We have an extensive documentation, together with step by step instructions on how to use the web service available at http://admire.readthedocs.org/

----

.. class:: infomark

**Input parameters**:

**Select a method for input normalization**:

Normalization is used to remove unwanted variation and normalize between arrays.
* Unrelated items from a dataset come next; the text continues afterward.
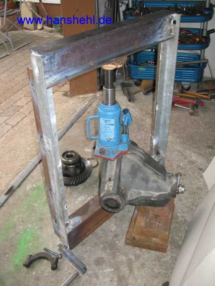 Meine 12t-Selbstbau-Presse, siehe auch : Längslenker/Schubstrebe, müßte eigentlich auch hier funktionieren. Die senkrechten Streben muß ich aber noch verstärken. Das 2. Bild zeigt auch eine Selbstbau-Presse von R.Wetzel. |
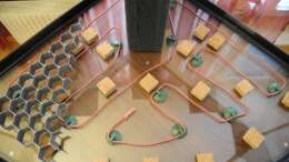 Der Glasboden und die Heizkabel werden durch ein auf Kork gelagertes Kiesgitter vor dem Spaten und größeren Steinen geschützt.
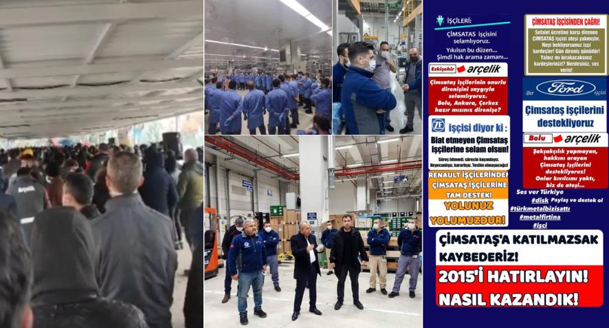 "Çimsataş işçileri 16:00-00:00 vardiyasında iyileştirme talebiyle iş durdurma eylemi başlattılar. Metal İşçileri Birliği olarak Çimsataş işçilerinin bu cesur ve anlamlı duruşunu selamlıyoruz. Ve hangi sendikaya üye olursa olsun bütün metal işçilerini Çimsataş işçilerinin açtığı yoldan yürümeye bir kez daha davet ediyoruz."
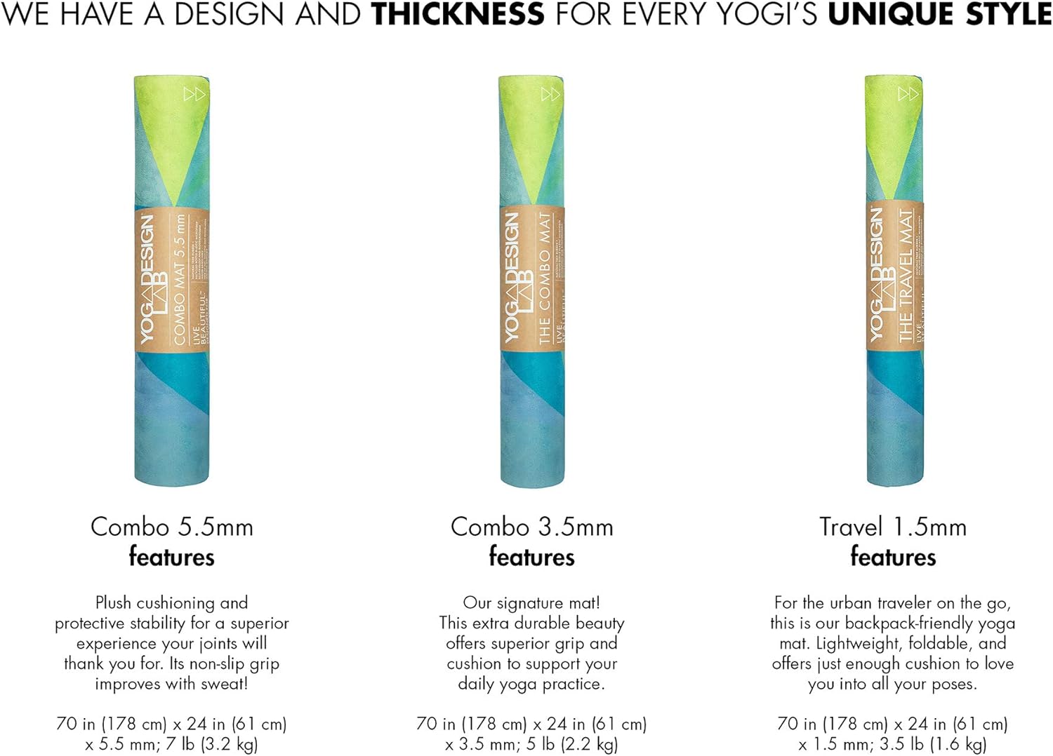 YOGA DESIGN LAB | Travel Yoga Mat | 2-in-1 Mat+Towel | Lightweight, Foldable, Eco Luxury | Ideal for Hot Yoga, Bikram, Pilates, Barre, Sweat | 1.5mm Thick | Includes Carrying Strap!
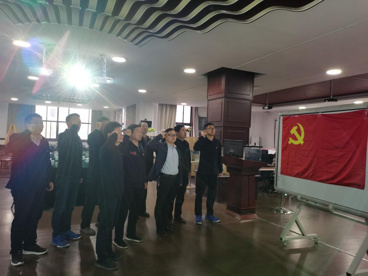 最后,全体党员同志在党旗面前,举起右手,面对党旗,由支部书记李月涛领誓,重温入党誓词。
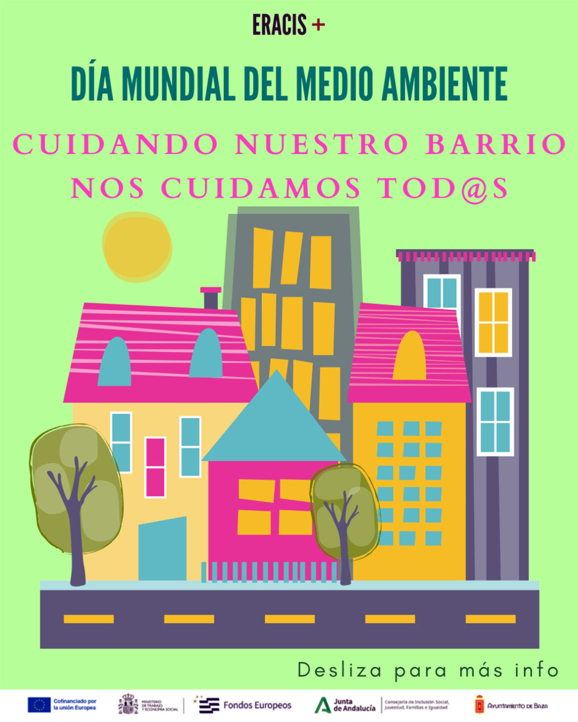 Desde el Programa ERACIS+, cofinanciado por el Fondo Social Europeo Plus y la Consejería de Inclusión Social, Juventud, Familias e Igualdad de la Junta de Andalucía, celebramos el “Día Mundial del Medio Ambiente”, una fecha clave para reflexionar, tomar conciencia y actuar en favor del planeta. Es el momento de cambiar el rumbo y trabajar juntos por un futuro más sostenible y justo.
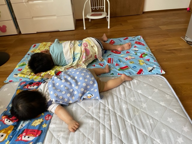 昨日は午前中息子達と家の周りの田んぼをぐるっとお散歩! 関東と違ってめちゃくちゃすごしやすい田舎! 汗はかくので、お菓子と麦茶を持ってレッツゴー!!! パパとお茶タイムして お花摘んで ちょうちょ追いかけて 虫見つけて 棒でつっついて お茶飲んで 次男のお昼寝ちょっかいだして 暑かったのか家へ帰り 食べたかったラーメンを食べ パパとプールをし 大満足でお昼寝した子たち 同じ格好で寝る兄弟 米の農薬は平日に撒いて欲しい。。。切実 3歳3ヶ月 8ヶ月 お散歩 兄弟
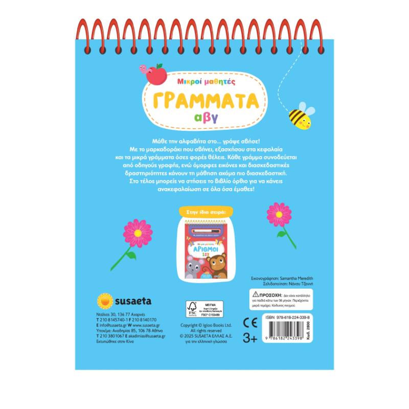 Μάθε τους αριθμούς στο… γράψε σβήσε! Με το μαρκαδοράκι που σβήνει, εξασκήσου στη γραφή των αριθμών όσες φορές θέλεις. Κάθε αριθμός συνοδεύεται από οδηγούς γραφής, ενώ όμορφες εικόνες και διασκεδαστικές δραστηριότητες κάνουν τη μάθηση ακόμα πιο διασκεδαστική. Στο τέλος μπορείς να στήσεις το βιβλίο όρθιο για να κάνεις ανακεφαλαίωση σε όλα όσα έμαθες! Διαστάσεις: 18 x 28 εκ.

You can choose from five different normalization methods:

1. Functional normalization
2. Noob normalization
3. SWAN normalization
4. Quantile normalization
5. Illumina Genome Studio normalization

Additionaly, you can skip the normalization step by selecting *No normalization - use raw values*.

**Detection p-value threshold for failed probe identification**:

Every probe on the array has a detection p-value assigned, which indicates confidence of the scanner that the detection was correct. A probe will be marked as *failed* in a sample if its detection p-value is higher that the given value.
Together with the

**Failed sample threshold**:

You can subsequently exclude probes that have a certain proportion of failed marks across all samples.

**Q-value cutoff for multiple testing**:

Multiple testing is done automatically by ADMIRE and corrects the test statistic for multiple performed tests. If a certain region remains with a Q-value or FDR below the given value, it will be retained for subsequent analysis, like the gene set enrichment analysis or visualizations.

**Number of additional plots for n best regions**:

The number given here will determine how many visualizations are plotted for significant regions. Importantly, if the number of samples is higher than 100, a heatmap is created. Otherwise, non-proportional bubble plots are plotted.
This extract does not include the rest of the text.